The pathomechanics associated with the deformity displayed in Figure 106-7 demonstrate the importance of stability or “balance” at the CMC joint. The principles behind most common forms of nonsurgical and surgical therapeutic management of an unstable CMC joint are described in the remaining sections of this chapter.
Nonsurgical and Postsurgical Therapeutic Management of the Carpometacarpal Joint of the Thumb
The first section of the chapter described how weakened periarticular tissue along with excessive forces may cause degeneration, OA, instability, and deformity of the CMC joint of the thumb. Medical treatment typically attempts to reduce the destabilizing forces and accompanying pain, improve joint alignment and integrity, and restore function. Depending on the severity and progression of the condition, treatment may include relatively conservative and palliative nonsurgical therapeutic management, or more progressive surgical management. As will be described, therapists have a large role in both approaches.

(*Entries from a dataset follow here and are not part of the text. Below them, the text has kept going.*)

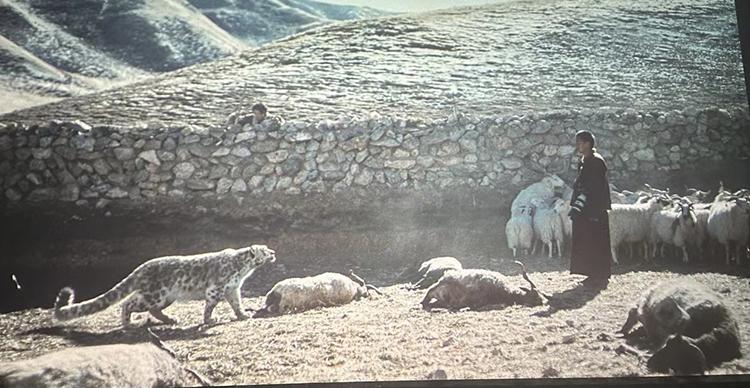 影片的結(jié)尾似乎很突然,雪豹終究沒(méi)有死在受損牧人暴怒的情緒和揮舞的錘子下,在人類(lèi)文明的關(guān)照下,被主動(dòng)解圍,回歸雪山,與小雪豹相會(huì)相伴。只有萬(wàn)導(dǎo)這種深邃包容、沉著冷靜又充滿(mǎn)睿智的作家、藝術(shù)家才能挖掘和表現(xiàn),這里蘊(yùn)含著生命的慈悲和世人的智慧。對(duì)此,我們還有哪些拷問(wèn)呢?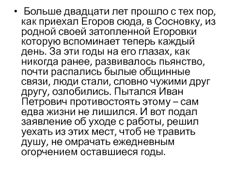 Слайд 12 Больше двадцати лет прошло с тех пор, как приехал Егоров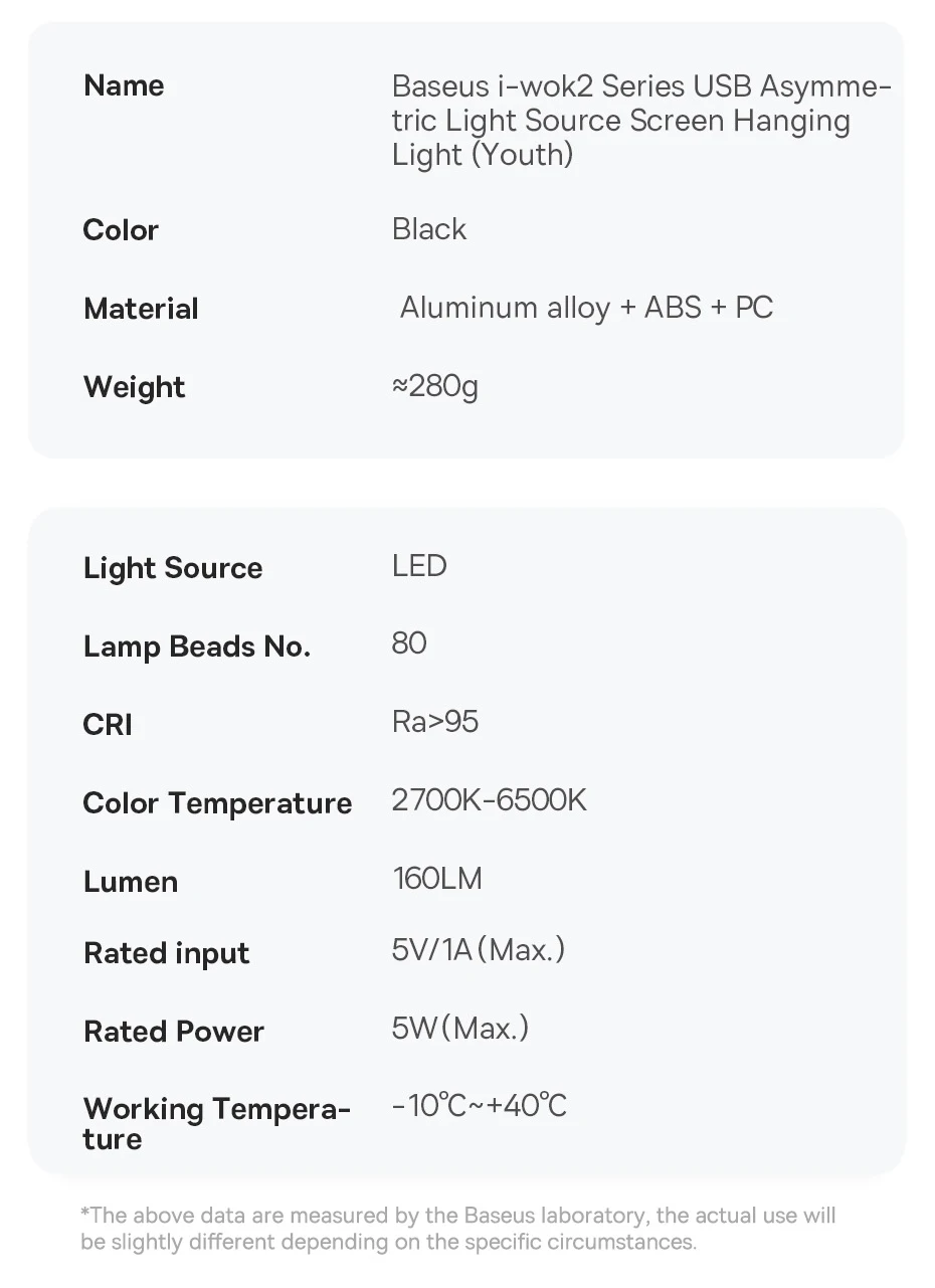 Name: Baseus i-wok2 Series USB Asymmetric Light Source Screen Hanging Light (Youth)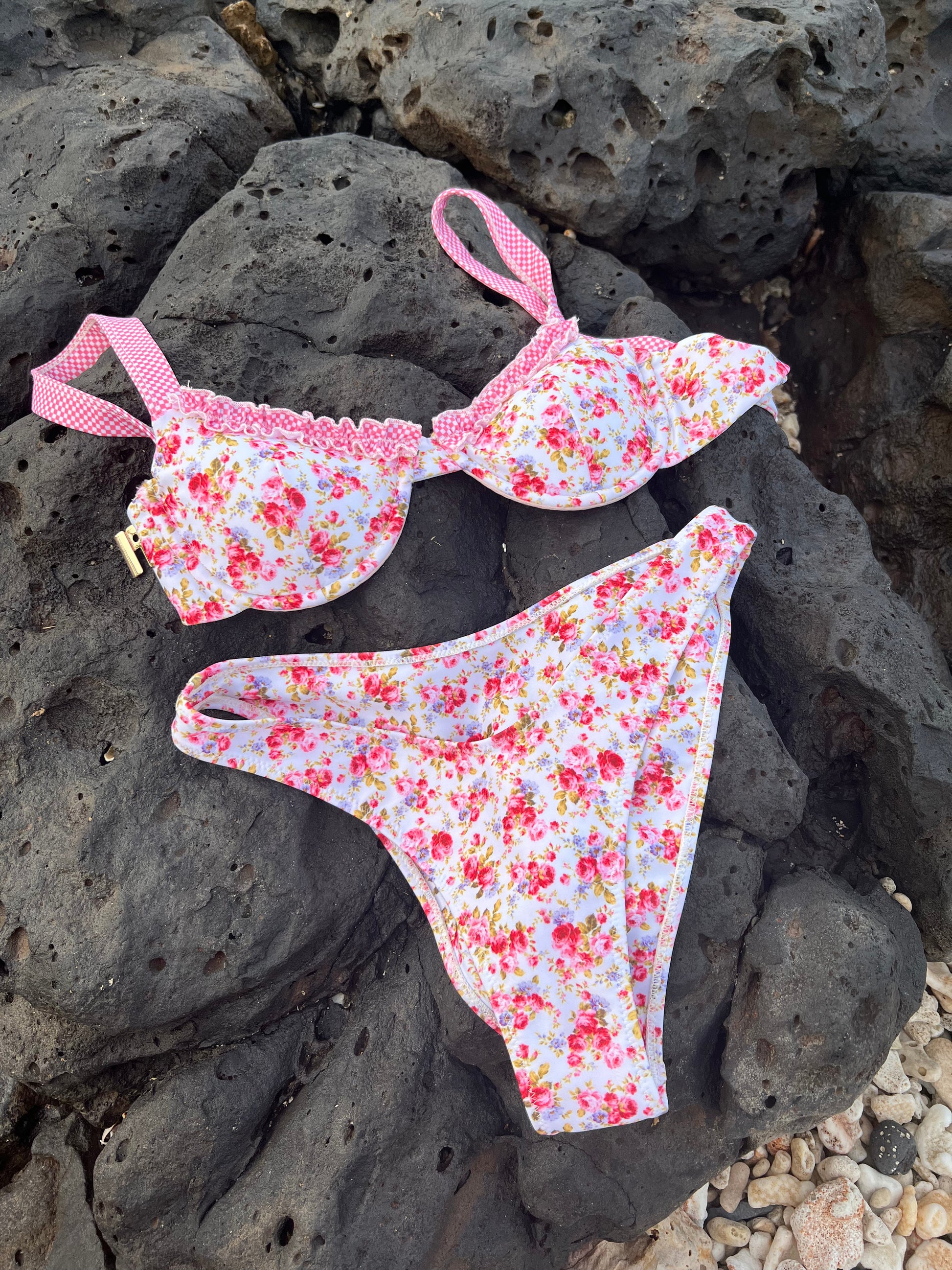 The Young Love Bikini top features a romantic floral print, inspired by some of our favorite frilly cuts from the 60s. This top fits small, as it is a champion for our itty bitty girlies. The padding creates the perfect push-up effect, with the option to remove if preferred, and the shoulder straps are both adjustable. Comes complete with a metal clasp at the back.

Nonsurgical Therapeutic Management
Nonsurgical therapeutic management of the unstable and painful CMC joint typically includes a thorough evaluation of the pain and function of the hand, with careful attention paid to the underlying pathology or cause of the impairments. Common methods of conservative (nonsurgical) treatment include pain control, orthotic positioning, teaching principles of joint protection, exercise, thermal modalities, nonsteroidal anti-inflammatory drugs (NSAIDs), and corticosteroid injections. Table 106-3 (online) lists typical goals for nonsurgical management of the unstable and often painful CMC joint, along with common therapeutic interventions.